Persimmon Share Price Valuation at 13-Year Low: What the Numbers Actually Show
The Persimmon share price valuation has compressed to levels last seen thirteen years ago, with PSN trading around 1,134p against a May 2021 peak of 3,160p — a peak-to-trough decline of almost 65%. For income-focused investors, the question is whether the operational numbers now justify revisiting the thesis.
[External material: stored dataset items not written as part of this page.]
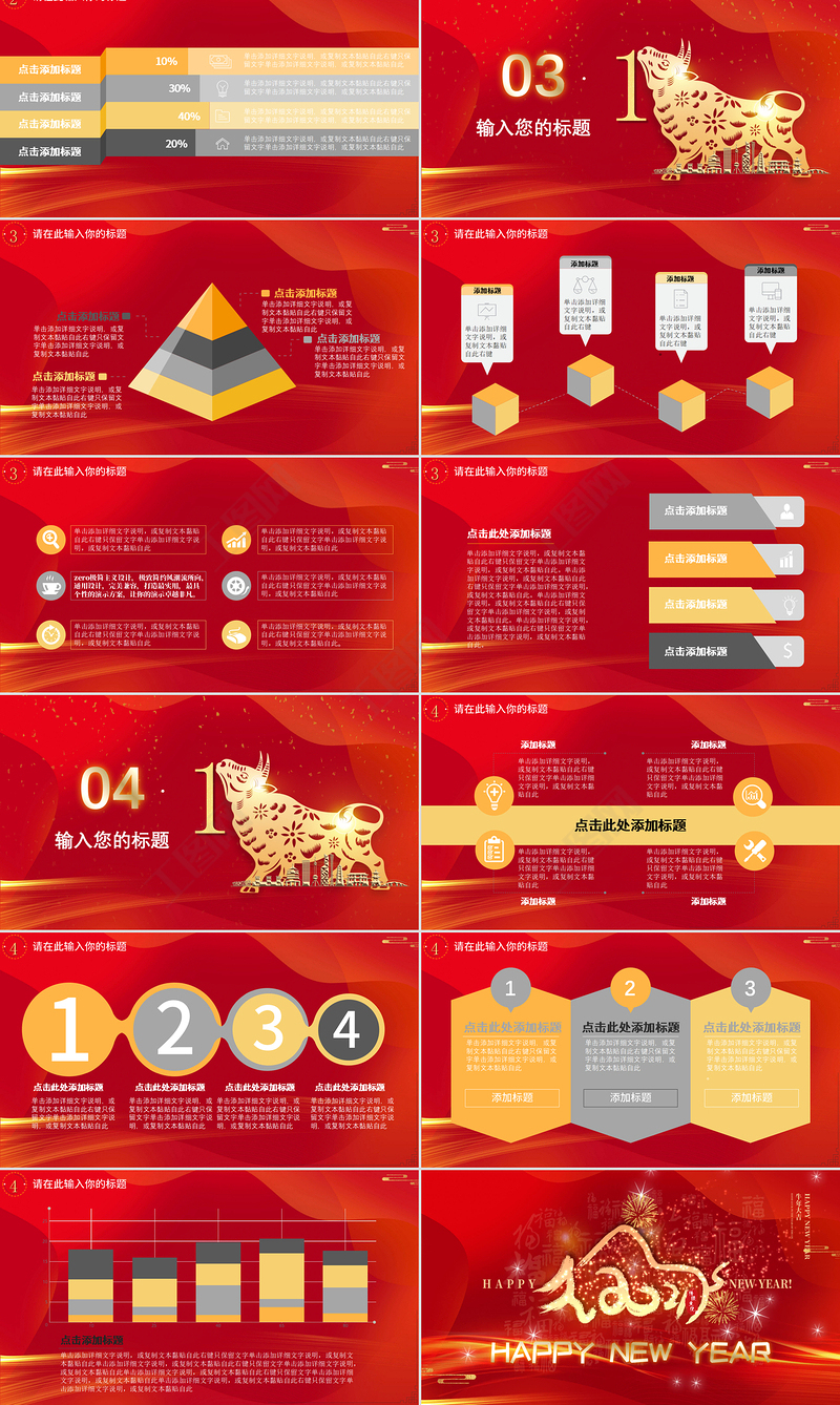 工圖網提供中國紅金牛新年快樂營銷策劃PPT模板供會員免費下載。更多精彩黨課PPT素材,盡在工圖網。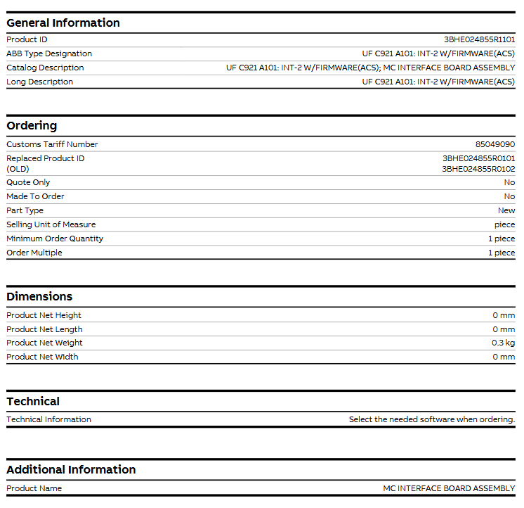 ABB UFC921A101 เป็นส่วนประกอบแผงวงจรอินเทอร์เฟซ MC ประเภท INT-2 ที่บูรณาการโดยเฉพาะ ออกแบบและผลิตโดย ABB สำหรับกลุ่มผลิตภัณฑ์ไดรฟ์อุตสาหกรรมและระบบอัตโนมัติ 3BHE024855R0101 ไม่ใช่โมดูลอิสระที่สามารถเชื่อมต่อโดยตรงกับการเดินสายภาคสนาม แต่ทำหน้าที่เป็นระบบย่อยการทำงานหลัก ซึ่งบูรณาการอย่างลึกซึ้งภายในไดรฟ์หรืออุปกรณ์ควบคุมที่ซับซ้อนกว่าของ ABB ภารกิจหลักคือการทำหน้าที่เป็นตัวควบคุมหลัก โดยจัดให้มีการแลกเปลี่ยนข้อมูล การส่งคำสั่ง และการซิงโครไนซ์สถานะด้วยความเร็วสูงและเชื่อถือได้ เฟิร์มแวร์ออนบอร์ดคือที่ที่ข้อมูลอัจฉริยะอยู่ ช่วยให้มั่นใจได้ถึงการสื่อสารที่ราบรื่นกับระบบโฮสต์และการทำงานร่วมกันที่มีประสิทธิภาพ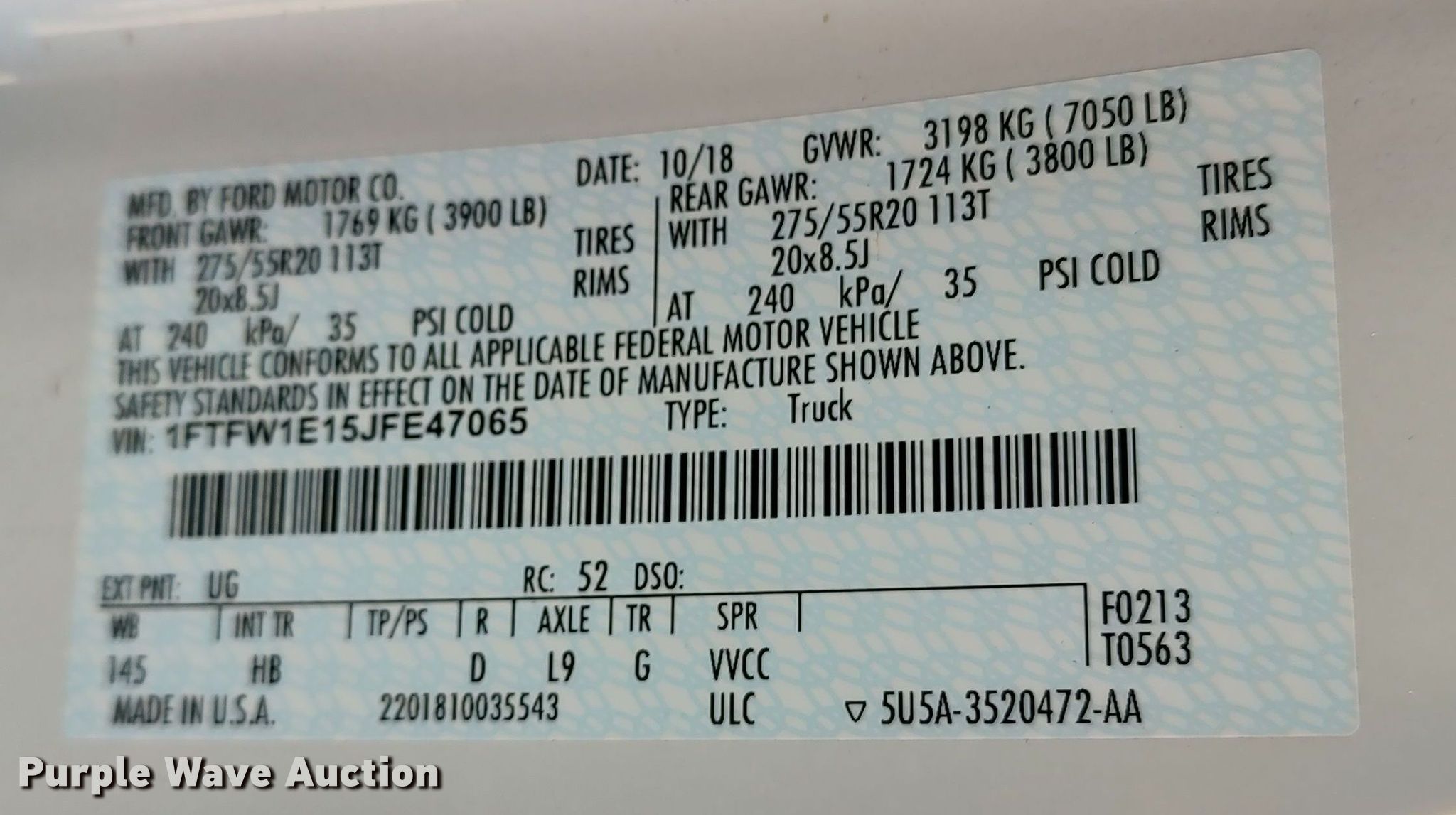 Purple Wave is selling a used 1/2 Ton Pickup or Van in Oklahoma. This item is a 2018 Ford F150 Lariat SuperCrew pickup truck with the following: Miles: 144,873 on odometer, VIN: 1FTFW1E15JFE47065

A Difficult Decade, but the Business Is Still Producing
The backdrop is well-documented. Brexit, the post-pandemic rate surge, the removal of Help to Buy in 2023, and rising employer costs from National Insurance and Minimum Wage increases all squeezed the sector simultaneously. Post-Grenfell fire-safety remediation added further hundreds of millions to builders’ cost bases. Persimmon was not insulated from any of it.
Yet the company’s FY2025 results, published earlier this year, showed an operation that has quietly rebuilt momentum. New home completions rose 12% to 11,905, with the average selling price up 4% to £278,203. New housing revenue reached £3.31bn, up 16% year-on-year. Underlying operating profit came in at £472.1m, up 17%, with the underlying operating margin edging to 14.3%.
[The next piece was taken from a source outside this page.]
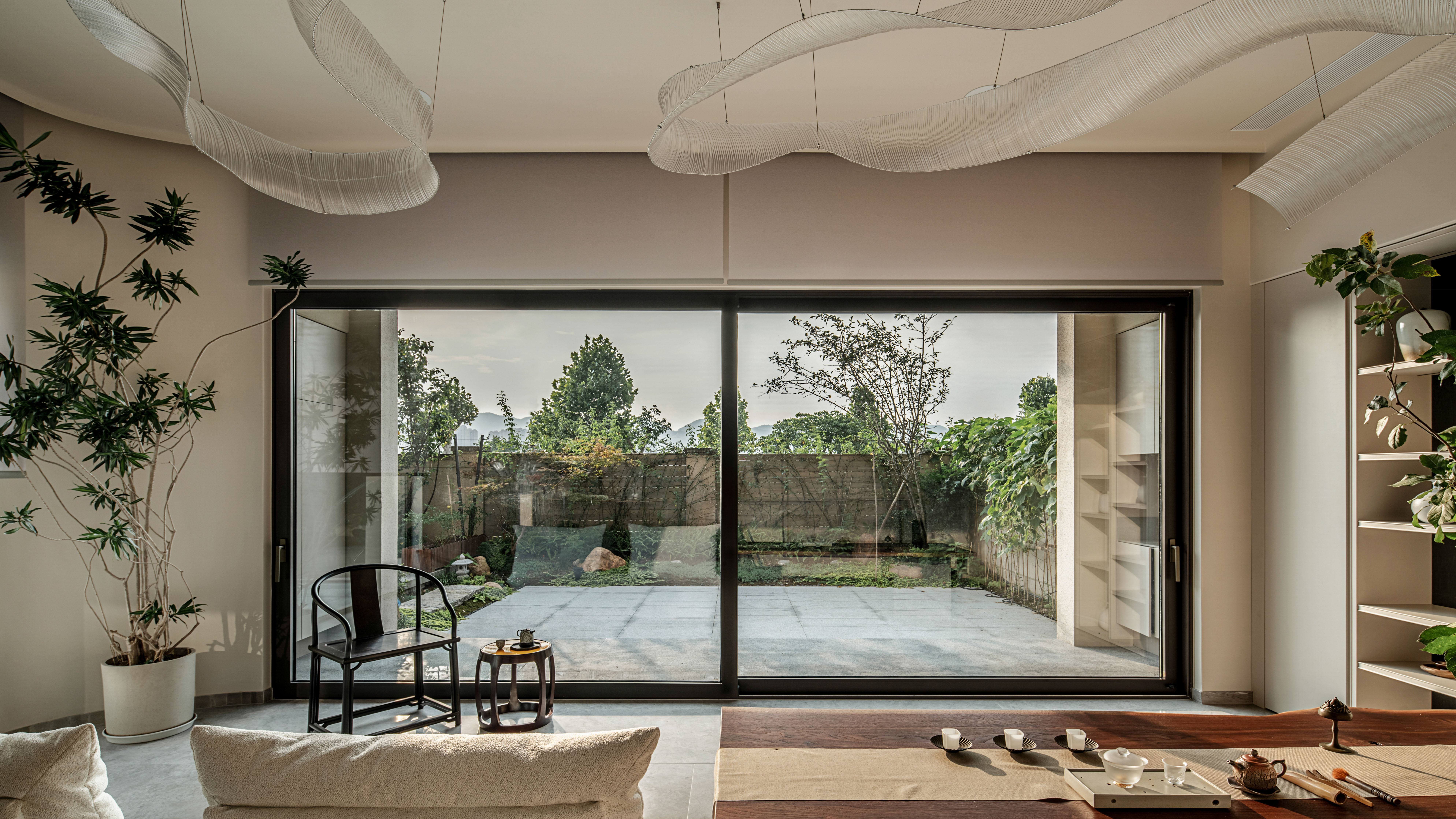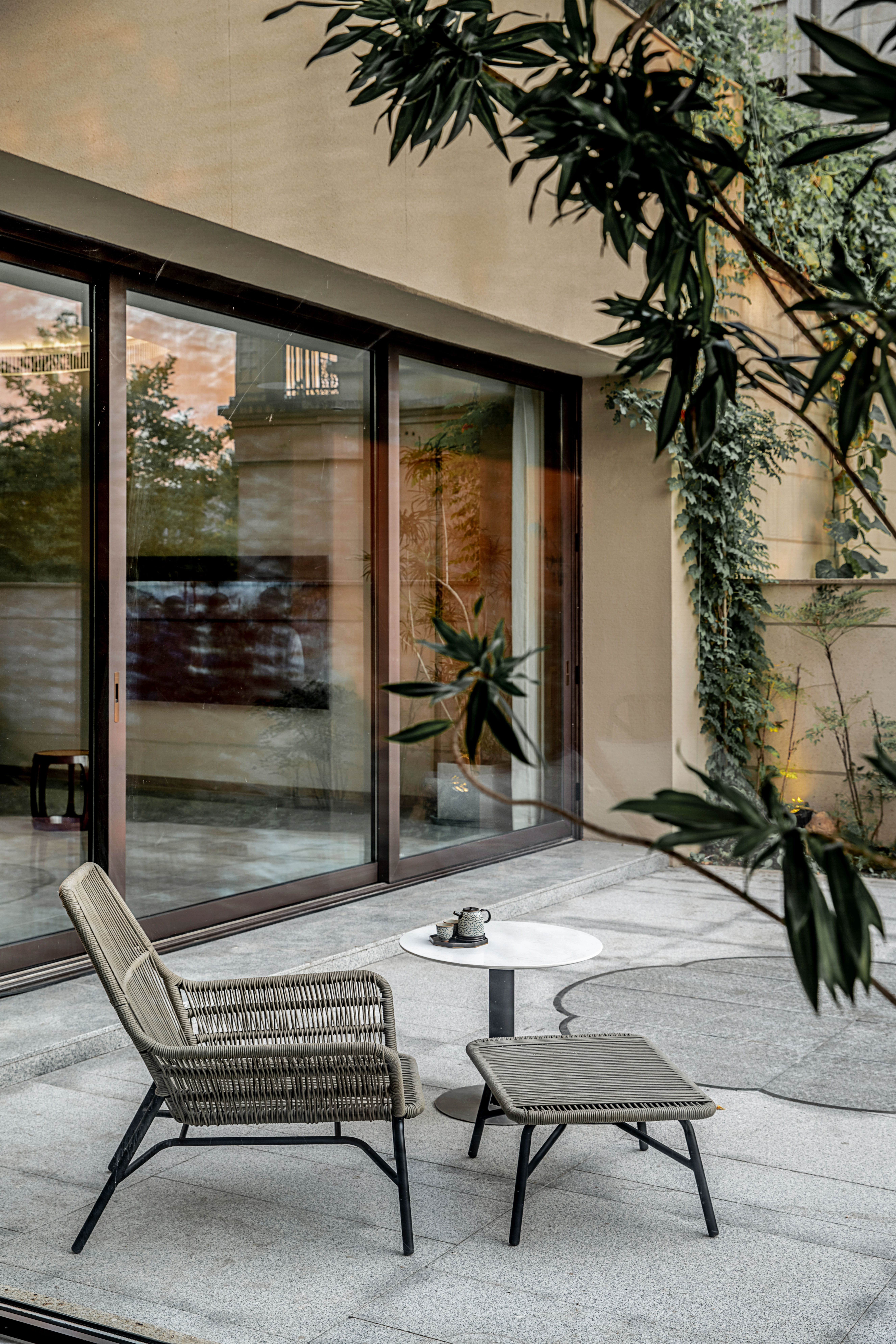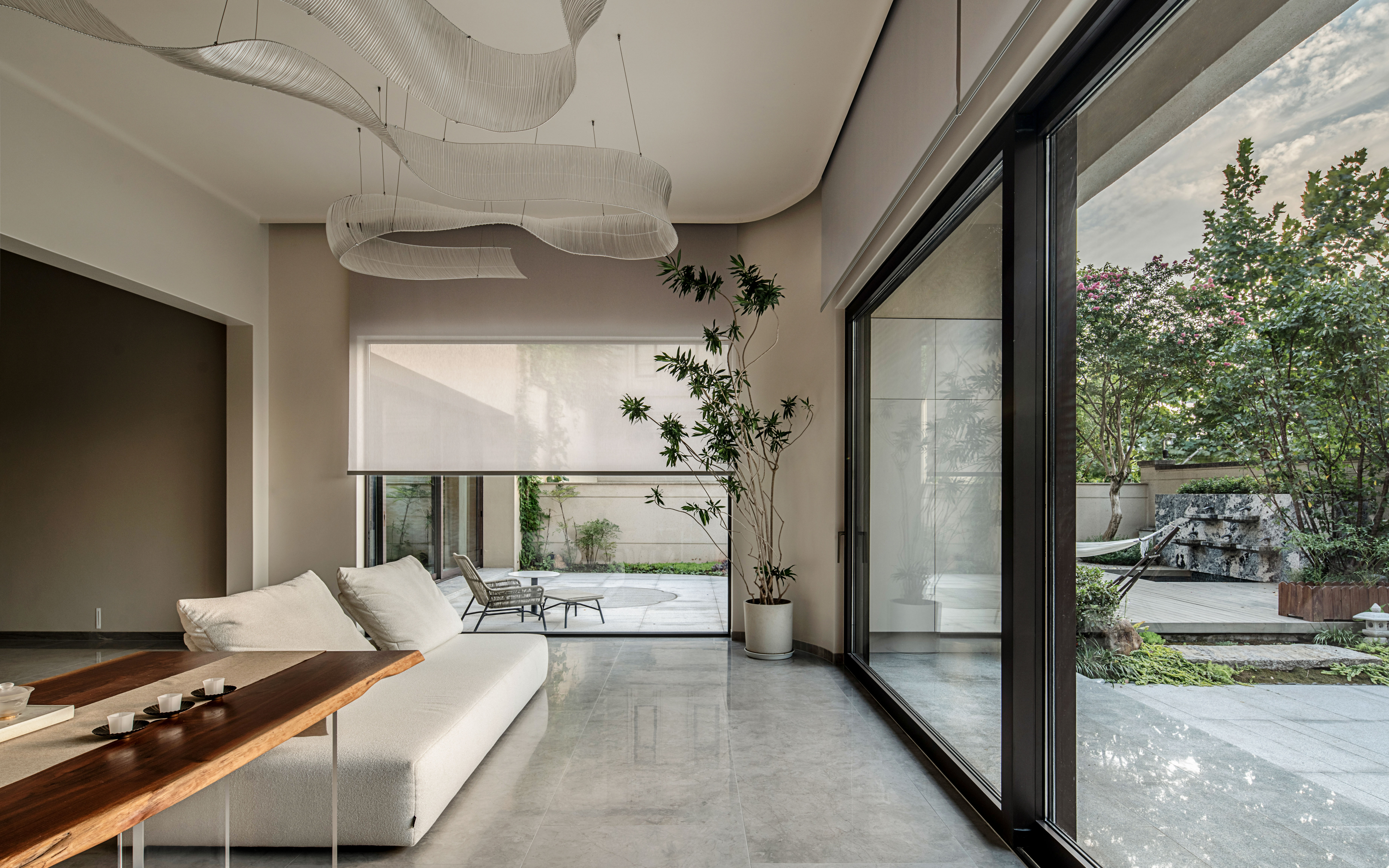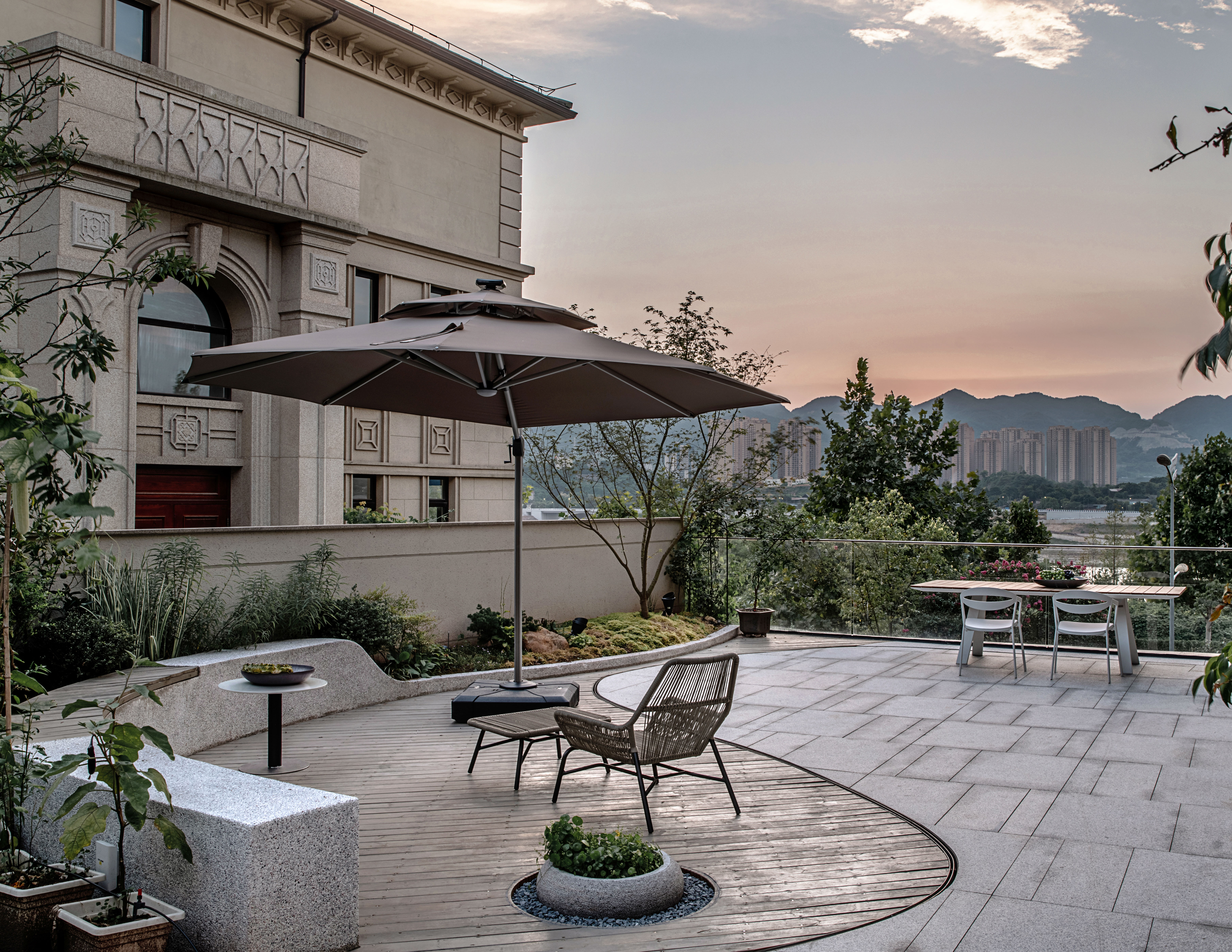 与户外餐桌、庭院景观共同构成的半开敞空间,

On a statutory basis, profit before tax was £397.3m, up 11%. This figure differs from the underlying operating profit because it reflects finance costs and one-off items; the two metrics are not interchangeable, and investors should note both when reading the full-year filing.
Gross profit rose 13% to £656m, with a gross margin of 19.8%, according to Morningstar’s transcript of Persimmon’s earnings call. Cash at 31 December stood at £117.0m, down from £258.6m a year earlier, reflecting investment in growth. Land holdings at year-end were 84,879 plots owned and under control.
For context on how far the business has recovered from its peak, the profit history since 2021 tells the story plainly:
| Year | Statutory Pre-tax Profit |
|---|---|
| 2021 | £973.0m |
| 2022 | £703.7m |
| 2023 | £351.8m |
| 2024 | £395.1m |
| 2025 | £445.6m |
The direction of travel since 2023 is upward, but the distance back to 2021 profitability levels remains substantial.
Persimmon Share Price Valuation: What the Forward Numbers Suggest
At the current price, PSN trades on a forward price-to-earnings ratio of 11.1, with a forecast dividend yield of 5.51% for 2026. The income component is already concrete: total dividends per share for 2025 came to 60p, comprising a 20p interim paid in November 2025 and a proposed final dividend of 40p per share, subject to shareholder approval, payable on 10 July 2026 to shareholders on the register on 19 June 2026. That total is unchanged from the 60p distributed in 2024.
The forward sales position adds texture to the volume outlook. As of 1 March 2026, Persimmon’s private forward sales stood at £1.25bn, up 9% from £1.15bn a year earlier, with the private average selling price in the order book up 6%. That is a meaningful lead indicator for the current trading year.
Management has guided for 12,000 to 12,500 completions in 2026, with underlying operating profit expected towards the upper end of consensus. Profit before tax is projected to come in line with expectations, constrained by increased finance costs tied to growth investment, according to the full-year results RNS published on Investegate.
Persimmon markets homes across three brands: Persimmon Homes, Charles Church, and Westbury Partnerships. The half-year results from mid-2025 showed the sales outlet count at 277 with a target of at least 300, suggesting further volume capacity is being added even as the order book strengthens, per the H1 2025 RNS.
The Case For and the Case Against
The bull case rests on the combination: a compressed valuation, a rebuilding completions trajectory, a forward sales book growing faster than the prior year, and a yield above 5.5% that is covered by a profitable business. Planning constraints remain a structural brake on the sector, and the cost-of-living pressure on buyers has not dissipated. Mortgage rates have come down from their peak but not to levels that remove affordability friction.
The bear case is simpler. The company earned nearly £1bn before tax in 2021 and is on track for roughly half that in 2025. The recovery is real but partial, and macro conditions could easily stall it again. The rate environment remains more hostile than it was during the 2010s, and UK consumer confidence is fragile.
The setup here is not a straightforward recovery trade. It is a slow-burn position for investors who can tolerate several quarters of uneven progress. The next test arrives with the 2026 half-year results: if completions are tracking toward the upper end of the 12,000 to 12,500 guidance range and the forward sales book holds above £1bn, the valuation argument becomes harder to dismiss.